Variation in the glucose transporter gene SLC2A2 is associated with glycemic response to metformin

Kaixin Zhou, Sook Wah Yee, Eric L Seiser, Nienke van Leeuwen, Roger Tavendale, Amanda J Bennett, Christopher J Groves, Ruth L Coleman, Amber A van der Heijden, Joline W Beulens, Catherine E de Keyser, Linda Zaharenko, Daniel M Rotroff, Mattijs Out, Kathleen A Jablonski, Ling Chen, Martin Javorský, Jozef Židzik, Albert M Levin, L Keoki Williams, Tanja Dujic, Sabina Semiz, Michiaki Kubo, Huan-Chieh Chien, Shiro Maeda, John S Witte, Longyang Wu, Ivan Tkáč, Adriaan Kooy, Ron H N van Schaik, Coen D A Stehouwer, Lisa Logie, MetGen Investigators; DPP Investigators; ACCORD Investigators; Calum Sutherland, Janis Klovins, Valdis Pirags, Albert Hofman, Bruno H Stricker, Alison A Motsinger-Reif, Michael J Wagner, Federico Innocenti, Leen M 't Hart, Rury R Holman, Mark I McCarthy, Monique M Hedderson, Colin N A Palmer, Jose C Florez, Kathleen M Giacomini, Ewan R Pearson.

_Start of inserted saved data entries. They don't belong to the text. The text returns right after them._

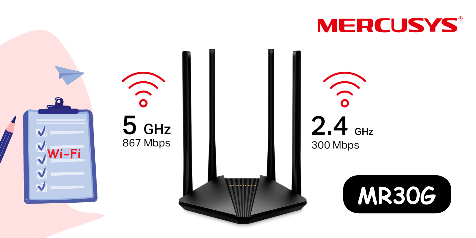 Respectând standardele 802.11ac, MR30G oferă conexiuni Wi-Fi rapide de până la 1.2 Gbps. Astfel, banda de 2.4 GHz (300 Mbps) poate transmite semnalul pe distanțe mari, dincolo de pereții solizi ai locuinței, pentru social media sau atunci când e nevoie de expedierea unui mail important. Pentru streaming video HD, gaming sau aplicații care necesită lățime de bandă extinsă, utilizatorii pot alege banda de 5 GHz (867 Mbps) care livrează viteze mari cu interferență redusă.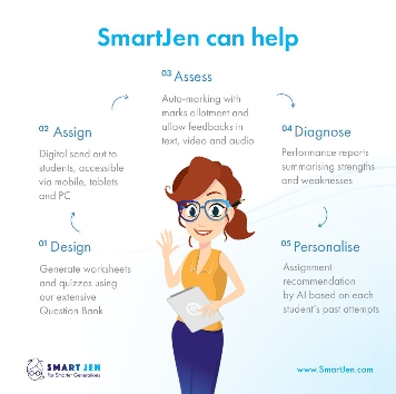 Secara tradisional, pendidik harus membeli buku penilaian hard copy, memotong, menempel scan dan mencetak lembar kerja. Kerumitan multistage ini sangat kontras dengan kenyataan saat ini. Dalam satu platform tunggal, seseorang dapat merancang, menetapkan, menilai, mendiagnosis, dan mempersonalisasikan rencana pengajaran. Dengan proses 5 langkah ini, SmartJen telah merampingkan dan memusatkan pekerjaan pengajaran dan transfer pengetahuan.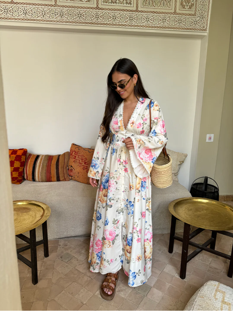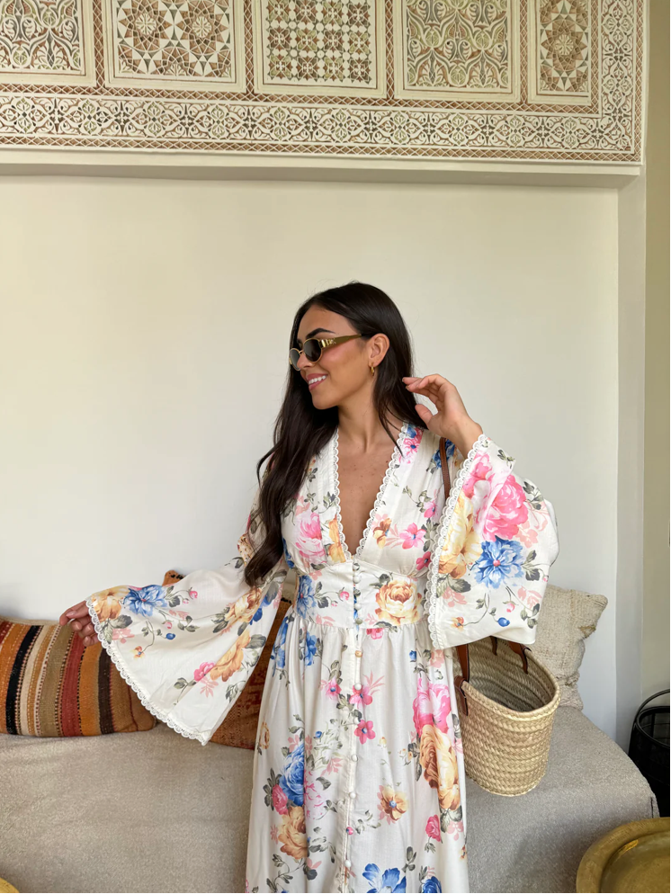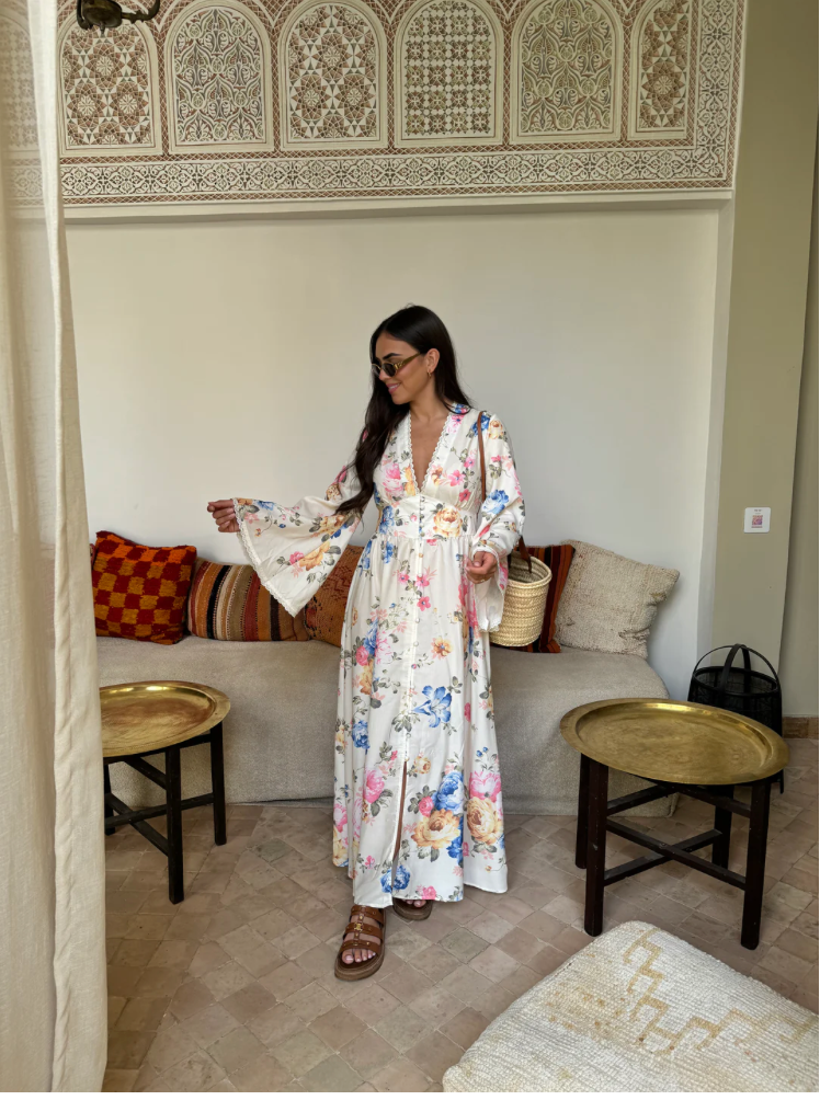 Dompel jezelf onder in een wereld van zachtheid en elegantie met onze Evelina™ | Eeuwige Bloemenjurk. Deze lange jurk is een ware ode aan de vrouwelijkheid, versierd met een adembenemend bloemenpatroon dat de tijdloze schoonheid van bloeiende tuinen oproept. De diepe V-hals en de belvormige mouwen geven een chique boheemse uitstraling, terwijl de vloeiende snit en de getailleerde taille alle silhouetten flatteren.

Nat Genet. 2016-08-08;48(9):1055-1059.
Abstract
Metformin is the first-line antidiabetic drug with over 100 million users worldwide, yet its mechanism of action remains unclear. Here the Metformin Genetics (MetGen) Consortium reports a three-stage genome-wide association study (GWAS), consisting of 13,123 participants of different ancestries. The C allele of rs8192675 in the intron of SLC2A2, which encodes the facilitated glucose transporter GLUT2, was associated with a 0.17% (P = 6.6 × 10(-14)) greater metformin-induced reduction in hemoglobin A1c (HbA1c) in 10,577 participants of European ancestry. rs8192675 was the top cis expression quantitative trait locus (cis-eQTL) for SLC2A2 in 1,226 human liver samples, suggesting a key role for hepatic GLUT2 in regulation of metformin action. Among obese individuals, C-allele homozygotes at rs8192675 had a 0.33% (3.6 mmol/mol) greater absolute HbA1c reduction than T-allele homozygotes. This was about half the effect seen with the addition of a DPP-4 inhibitor, and equated to a dose difference of 550 mg of metformin, suggesting rs8192675 as a potential biomarker for stratified medicine.